It now seems clear that AIs will also descend more directly from a common ancestor than you might have naively expected in the CAIS model, since almost every AI will be a modified version of one of only a few base foundation models. That has important safety implications, since problems in the base model might carry over to problems in the downstream models, which will be spread thorought the economy. That said, the fact that foundation model development will be highly centralized, and thus controllable, is perhaps a safety bonus that loosely cancels out this consideration.
The first point here (that problems in a widely-used base model will propagate widely) concerns me as well. From distributed systems we know that
Individual components will fail.
To withstand failures of components, use redundancy and reduce the correlation of failures.
By point 1, we should expect alignment failures. (It’s not so different from bugs and design flaws in software systems, which are inevitable.) By point 2, we can withstand them using redundancy, but only if the failures are sufficiently uncorrelated. Unfortunately, the tendency towards monopolies in base models is increasing the correlation of failures.
As a concrete example, consider AI controlling a military. (As AI improves, there are increasingly strong incentives to do so.) If such a system were to have a bug causing it to enact a military coup, it would (if successful) have seized control of the government from humans. We know from history that successful military coups have happened many times, so this does not require any special properties of AI.
Such a scenario could be prevented by populating the military with multiple AI systems with decorrelated failures. But to do that, we’d need such systems to actually be available.
It seems to me the main problem is the natural tendency to monopoly in technology. The preferable alternative is robust competition of several proprietary and open source options, and that might need government support. (Unfortunately, it seems that many safety-concerned people believe that competition and open source are bad, which I view as misguided for the above reasons.)
There are other issues that cause immense monopolistic behavior. (Note that even in open source, “Linux” is closer to a monoculture than not due to shared critical components such as drivers and the kernel)
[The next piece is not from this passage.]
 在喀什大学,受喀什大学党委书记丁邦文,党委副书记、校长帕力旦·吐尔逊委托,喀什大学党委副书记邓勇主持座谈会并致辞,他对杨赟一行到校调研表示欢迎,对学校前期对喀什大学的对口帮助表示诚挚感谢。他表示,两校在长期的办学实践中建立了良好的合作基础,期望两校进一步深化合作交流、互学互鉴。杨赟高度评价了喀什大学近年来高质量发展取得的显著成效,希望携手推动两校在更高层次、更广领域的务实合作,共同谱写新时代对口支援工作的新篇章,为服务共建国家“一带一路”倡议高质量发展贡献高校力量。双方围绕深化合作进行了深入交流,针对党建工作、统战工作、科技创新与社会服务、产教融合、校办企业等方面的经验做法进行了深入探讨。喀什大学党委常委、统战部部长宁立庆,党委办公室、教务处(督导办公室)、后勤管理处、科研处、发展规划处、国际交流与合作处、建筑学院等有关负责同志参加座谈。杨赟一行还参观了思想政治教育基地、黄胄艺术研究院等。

High cost to train any large AI system
High cost to validate it on real world tasks
At any given time, especially for real world tasks, some systems will be measurably better
Tool chain. The ecosystem around models is at least as monopolistic if not more than the models themselves. Probably much more. There are immensely complicated cloud based stacks you need, you need realtime components so models can be used for robotics, you need simulators and a pathway to get legal approval and common infrastructure of all sorts. All of which is enormously difficult and expensive to write, it’s a natural Monopoly unless the dominate player imposes unreasonable rules or supplies poor quality software. (See Apple and Microsoft)
Pricing. Monopolies can charge a price low enough no competition can break even.
The first point here (that problems in a widely-used base model will propagate widely) concerns me as well. From distributed systems we know that
Individual components will fail.
To withstand failures of components, use redundancy and reduce the correlation of failures.
By point 1, we should expect alignment failures. (It’s not so different from bugs and design flaws in software systems, which are inevitable.) By point 2, we can withstand them using redundancy, but only if the failures are sufficiently uncorrelated. Unfortunately, the tendency towards monopolies in base models is increasing the correlation of failures.
As a concrete example, consider AI controlling a military. (As AI improves, there are increasingly strong incentives to do so.) If such a system were to have a bug causing it to enact a military coup, it would (if successful) have seized control of the government from humans. We know from history that successful military coups have happened many times, so this does not require any special properties of AI.
Such a scenario could be prevented by populating the military with multiple AI systems with decorrelated failures. But to do that, we’d need such systems to actually be available.
It seems to me the main problem is the natural tendency to monopoly in technology. The preferable alternative is robust competition of several proprietary and open source options, and that might need government support. (Unfortunately, it seems that many safety-concerned people believe that competition and open source are bad, which I view as misguided for the above reasons.)
There are other issues that cause immense monopolistic behavior. (Note that even in open source, “Linux” is closer to a monoculture than not due to shared critical components such as drivers and the kernel)
High cost to train any large AI system
High cost to validate it on real world tasks
At any given time, especially for real world tasks, some systems will be measurably better
Tool chain. The ecosystem around models is at least as monopolistic if not more than the models themselves. Probably much more. There are immensely complicated cloud based stacks you need, you need realtime components so models can be used for robotics, you need simulators and a pathway to get legal approval and common infrastructure of all sorts. All of which is enormously difficult and expensive to write, it’s a natural Monopoly unless the dominate player imposes unreasonable rules or supplies poor quality software. (See Apple and Microsoft)
Pricing. Monopolies can charge a price low enough no competition can break even.